Editor Melvin McLeod is at pains to point out that the insight teachings are not ‘mere aphorisms to cheer us up or inspire us (though they do both). They are transformative insights and instructions, and we need to let them seep below the surface level of our intellect into our heart and guts, where wisdom gestates and real change happens.’

That would obviously be a fantastic outcome, but I’m not sure that reading this book on its own is enough to make it happen.

Having said that, who knows? Even if this is the only Buddhist book you ever read, bite-sized wisdom is a lot better that no wisdom at all. And even if we do take the teachings as aphorisms, at least they are thought-provoking ones.

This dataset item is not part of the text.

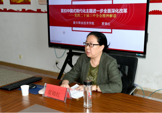 為(wei) 深入學習(xi) 貫徹黨(dang) 的二十屆三中全會(hui) 精神,10月18日上午,新鄉(xiang) 職業(ye) 技術學院校長夏錦紅在綜合樓建築學院黨(dang) 員活動室,為(wei) 建築學院、財經學院、院長辦公室黨(dang) 員開展以《緊扣中國式現代化主題進一步全麵深化改革》為(wei) 題的專(zhuan) 題黨(dang) 課。

Thich Nhat Hanh is sometimes criticised for endlessly presenting old teachings in new formats (and it’s possible to see this latest offering in that light, too).

But different formats undeniably make Buddhist teachings available and acceptable for the first time to a wider variety of people. Furthermore, re-presenting old ideas in new contexts can also be very powerful for those who are already familiar with them.

And so it is with ‘Your true home.’ While the meditation suggestions calm and focus us, the insight pages exert a ‘drip-drip’ effect. One day next year or in years to come (unlike a calendar, the pages are not dated, just tactfully numbered), we may read the right words at the right time and suddenly and unexpectedly recognize the living truth they are pointing to.

In the words of Thich Nhat Hanh, ‘When conditions are sufficient, something manifests.’ Putting the word out there in different ways is one method of helping establish them.